Improving Confidence and Public Dealing
Whether you are looking to improve your public speaking skills or wish to improve your dealing with other people in your industry, overcoming the Dunning–Kruger effect through objective thinking can be quite helpful. If you’re open to new ideas and accepting your mistake, you can easily improve your arguments and know when not to argue. Whether you want to present your point of view with commitment during a PowerPoint presentation or wish to be better in dealing with clients, vendors, colleagues and bosses, you can see a marked improvement by checking your facts, avoiding ignorance on important topics and being patient in understanding other people.

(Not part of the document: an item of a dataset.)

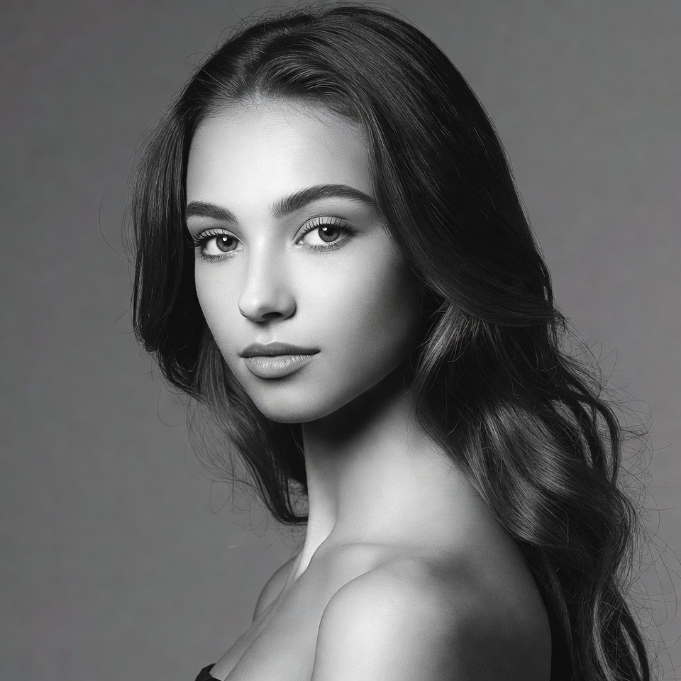 Multiracial, beautiful, black and white, dark hair, eyes, face, female, headshot, lips, long hair, monochrome, portrait, shoulders, studio photo, wavy hair, young woman, woman

Overcoming Hurdles and Climbing the Career Ladder
Many people are quickly promoted on past performance, only to find out that they are not suited for the promotion. A salesperson might be great at selling a product and might be made a manager after a year of success. Only to find out that he/she was not very good at managing a sales team. This is called the Peter Principle. Once someone suffers from the Peter Principle, the Dunning–Kruger effect is not far away. One can have an inflated view of one’s competence in the wake of authority and charming complements by subordinates looking to get on the good side of the boss. Even if you end up suffering from the Peter Principle, you can critically analyze your situation and try to improve your skills to better manage the new job. Whether you require seeking advice, opting for a training or require a more competent subordinate to do some of the heavy lifting, you can avoid the Dunning–Kruger effect by understanding what you know and what you do not.
Preventing Miscalculated Decisions in Personal Life
The Dunning–Kruger effect can affect you even at a very personal level. You might have seen many couples fighting over something going wrong because of bad decision making. You might have even made such a mistake yourself. If you’re not good at fixing a leaked pipe, don’t try to do it yourself thinking you are great at it since you might end up making the leak worse. Similarly, if you’re not great at managing finances, why not let your significant other take charge of household financial decisions? Many people end up overestimating their competence, leading to a financial, social or emotional crisis in their personal life.
The Dunning–Kruger effect gives us a distorted perception of our own abilities. In the wake of information overload, many people have become susceptible to believing that they know about a subject simply by going through a Wikipedia page or watching a YouTube video. Not only is the available information online unreliable in many cases but is usually also subject to much debate. Not knowing about the discussion holistically, one can easy fall prey to the Dunning–Kruger effect, which we can avoid by being more considerate of facts. As Robin Sharma said, ‘I thought I knew a lot, until I learned a little’.